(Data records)
========

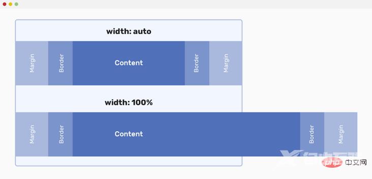 当一个元素的宽度值为auto时,它包含margin、padding和border,不会变得比它的父元素大。其中 content 的宽度将是content本身减去margin、padding和border。
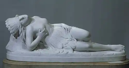 Mexican Girl Dying is a marble sculpture carved in 1848 by American artist Thomas Crawford. It measures 20.25 inches (51.4 cm) x 54.5 inches (138 cm) x 19.5 inches (50 cm) and is part of the Metropolitan Museum of Art's collection.[1] The woman's identity is not known, but the artist has stated that he drew influence from William H. Prescott 1843 History of the Conquest of Mexico. She bears a wound below her right breast, suggesting that she has been in battle. The cross beside her suggests martyrdom.[1]
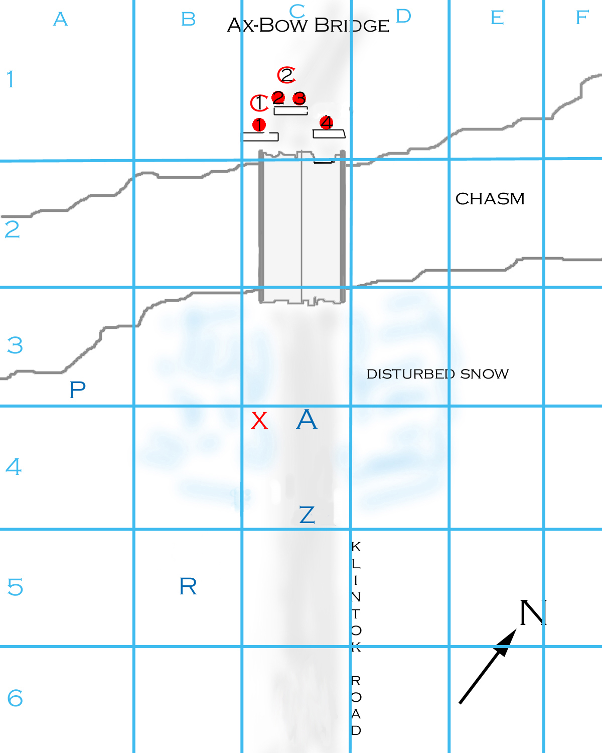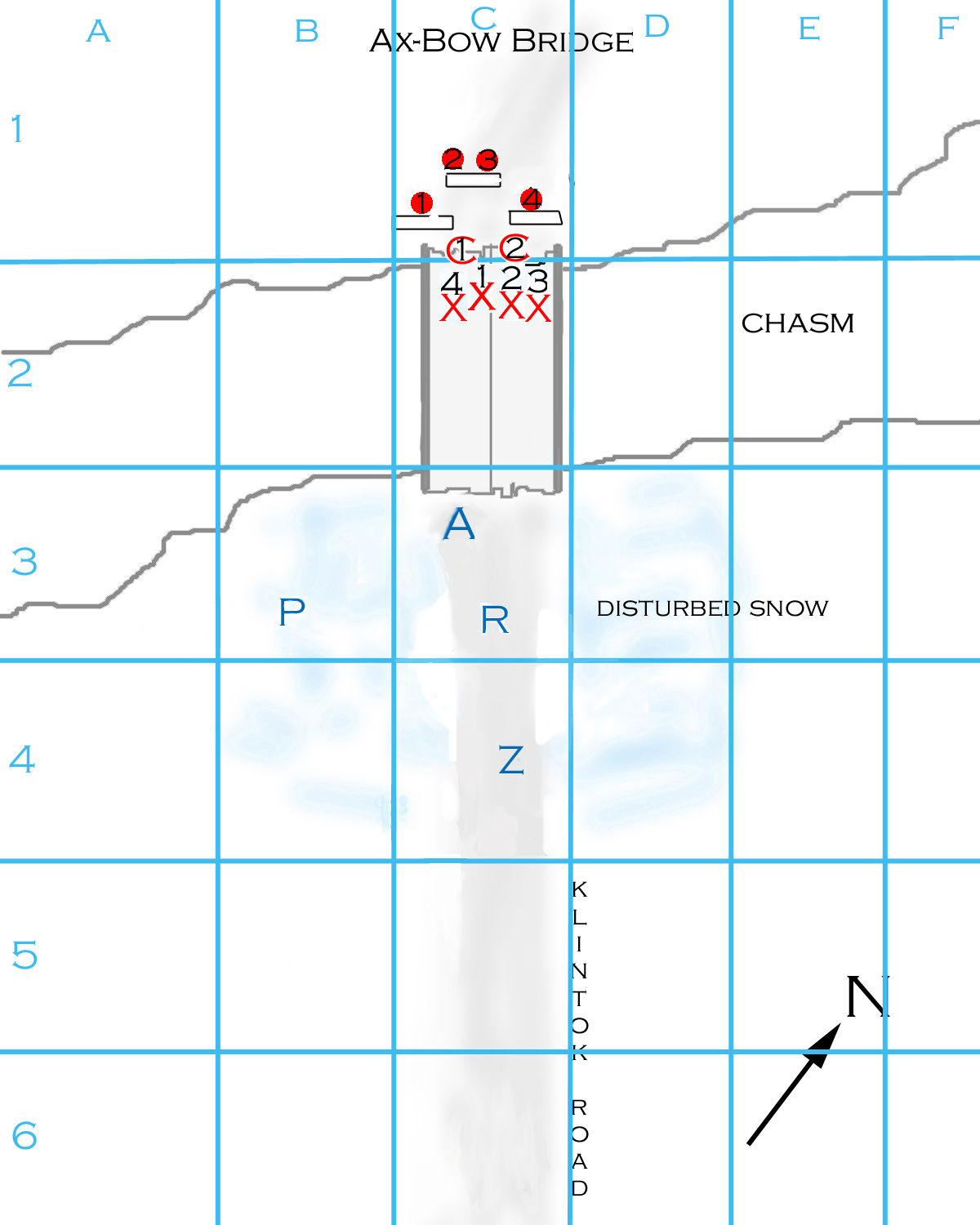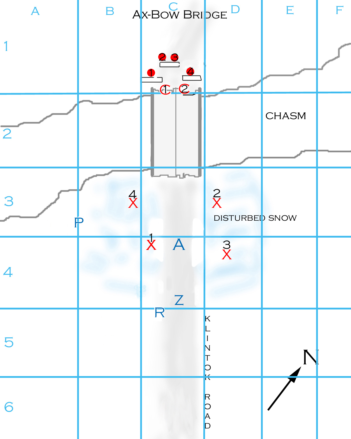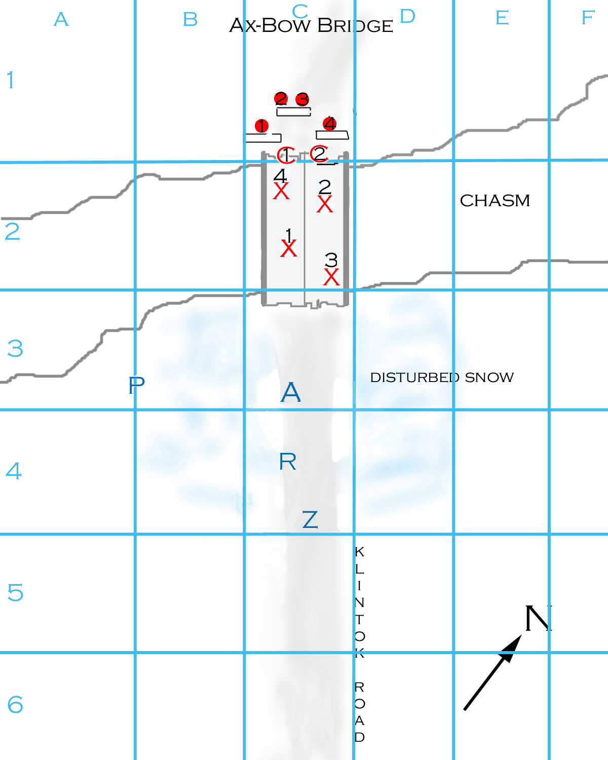 Arvak throws the grenade when the chowzers are about 1/2 way down the bridge. The throw (15): 7 2 = green. It hits just in front of the center walls and detonates. (BOOM!) Chunks of metal fly, and a bunch of snow falls off the walls to show that they are actually made of piled rock. The grenade gets an attack roll against each target in range, which includes the hoops and choo-wugs (the chowzers are effectively out of range by the time it detonates).
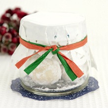 小瓶に入れてフタをして、上にレースペーパーを乗せると、可愛いラッピングの完成!
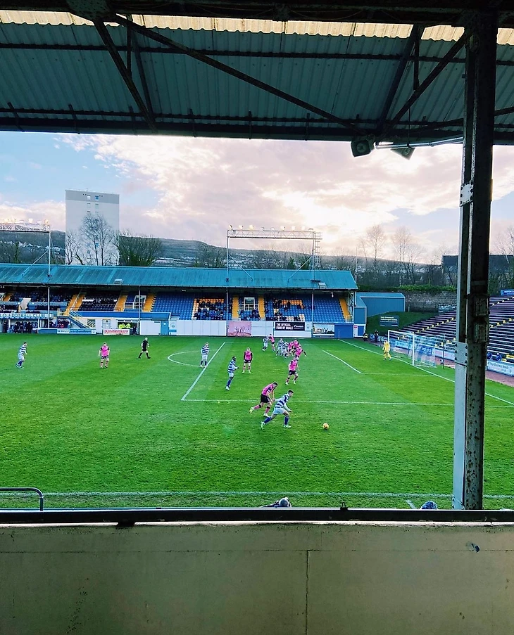 А теперь о красавце «Каппилоу Парк»: с одной стороны одноярусная трибуна для сидячих мест. На ее крыше расположены яркие прожектора. Напротив находится «коровник», как его называют, который представляет собой трибуну классического вида и необычен тем, что у него есть сиденья спереди и террасы сзади. Дальше открывается вид на большой подъемный кран, напоминающий о временах кораблестроения в Инверклайде. В 1902 году «Каппилоу» принял один международный матч – Шотландии против Уэльса.
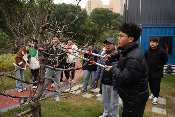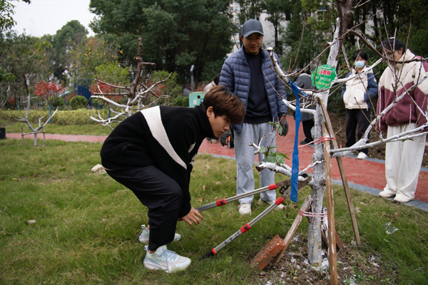 学院专门邀请农技专家走进创意街区,为学院师生讲解冬季樱桃树的生长特性、冬季养护的必备知识及方法,并现场指导同学们进行树枝修剪,去除病虫害、多余的枝条与枝叶,以防止树木营养不良。在专业老师的悉心指导下,同学们不仅掌握了理论知识,还学会了如何将知识应用于劳动实践中。在学院老师的带领下,同学们为樱桃树施加了有机肥和防冻液,为树木提供了必要的养料,有效保障了树木的健康生长。
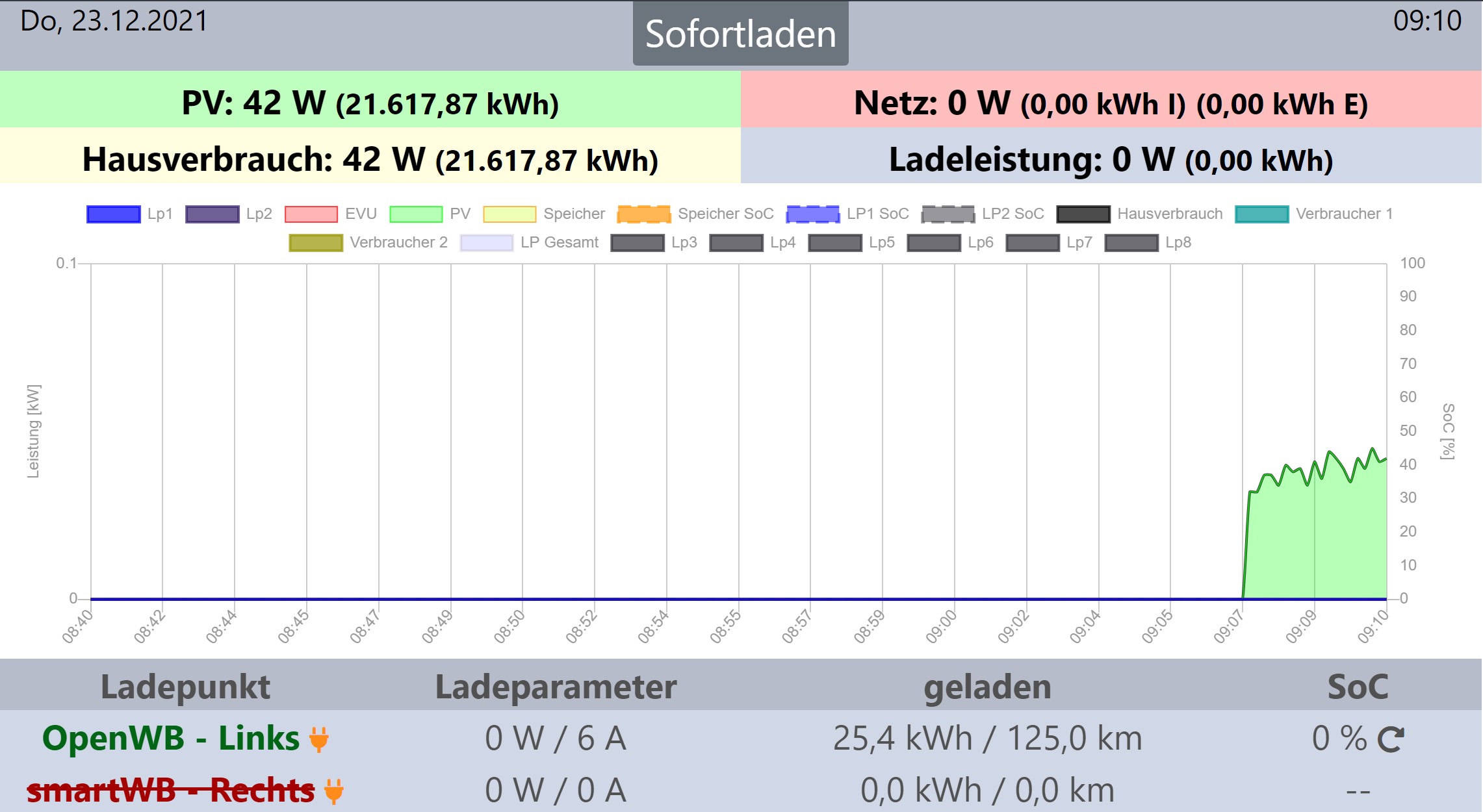 2021-12-23 09:41:58: Sofort ladung Ladepunkt 1 bei minimal A 6 Ladeleistung zu gering (LV1) at 284 sofortlademodus sofortlademodus.sh

========

#### The problem
Only the text of the records belongs in your answer, copied exactly as it appears above.

#### Response for this exercise
 当一个元素的宽度值为auto时,它包含margin、padding和border,不会变得比它的父元素大。其中 content 的宽度将是content本身减去margin、padding和border。
 Mexican Girl Dying is a marble sculpture carved in 1848 by American artist Thomas Crawford. It measures 20.25 inches (51.4 cm) x 54.5 inches (138 cm) x 19.5 inches (50 cm) and is part of the Metropolitan Museum of Art's collection.[1] The woman's identity is not known, but the artist has stated that he drew influence from William H. Prescott 1843 History of the Conquest of Mexico. She bears a wound below her right breast, suggesting that she has been in battle. The cross beside her suggests martyrdom.[1]
 Arvak throws the grenade when the chowzers are about 1/2 way down the bridge. The throw (15): 7 2 = green. It hits just in front of the center walls and detonates. (BOOM!) Chunks of metal fly, and a bunch of snow falls off the walls to show that they are actually made of piled rock. The grenade gets an attack roll against each target in range, which includes the hoops and choo-wugs (the chowzers are effectively out of range by the time it detonates).
 小瓶に入れてフタをして、上にレースペーパーを乗せると、可愛いラッピングの完成!
 А теперь о красавце «Каппилоу Парк»: с одной стороны одноярусная трибуна для сидячих мест. На ее крыше расположены яркие прожектора. Напротив находится «коровник», как его называют, который представляет собой трибуну классического вида и необычен тем, что у него есть сиденья спереди и террасы сзади. Дальше открывается вид на большой подъемный кран, напоминающий о временах кораблестроения в Инверклайде. В 1902 году «Каппилоу» принял один международный матч – Шотландии против Уэльса.
 学院专门邀请农技专家走进创意街区,为学院师生讲解冬季樱桃树的生长特性、冬季养护的必备知识及方法,并现场指导同学们进行树枝修剪,去除病虫害、多余的枝条与枝叶,以防止树木营养不良。在专业老师的悉心指导下,同学们不仅掌握了理论知识,还学会了如何将知识应用于劳动实践中。在学院老师的带领下,同学们为樱桃树施加了有机肥和防冻液,为树木提供了必要的养料,有效保障了树木的健康生长。
 2021-12-23 09:41:58: Sofort ladung Ladepunkt 1 bei minimal A 6 Ladeleistung zu gering (LV1) at 284 sofortlademodus sofortlademodus.sh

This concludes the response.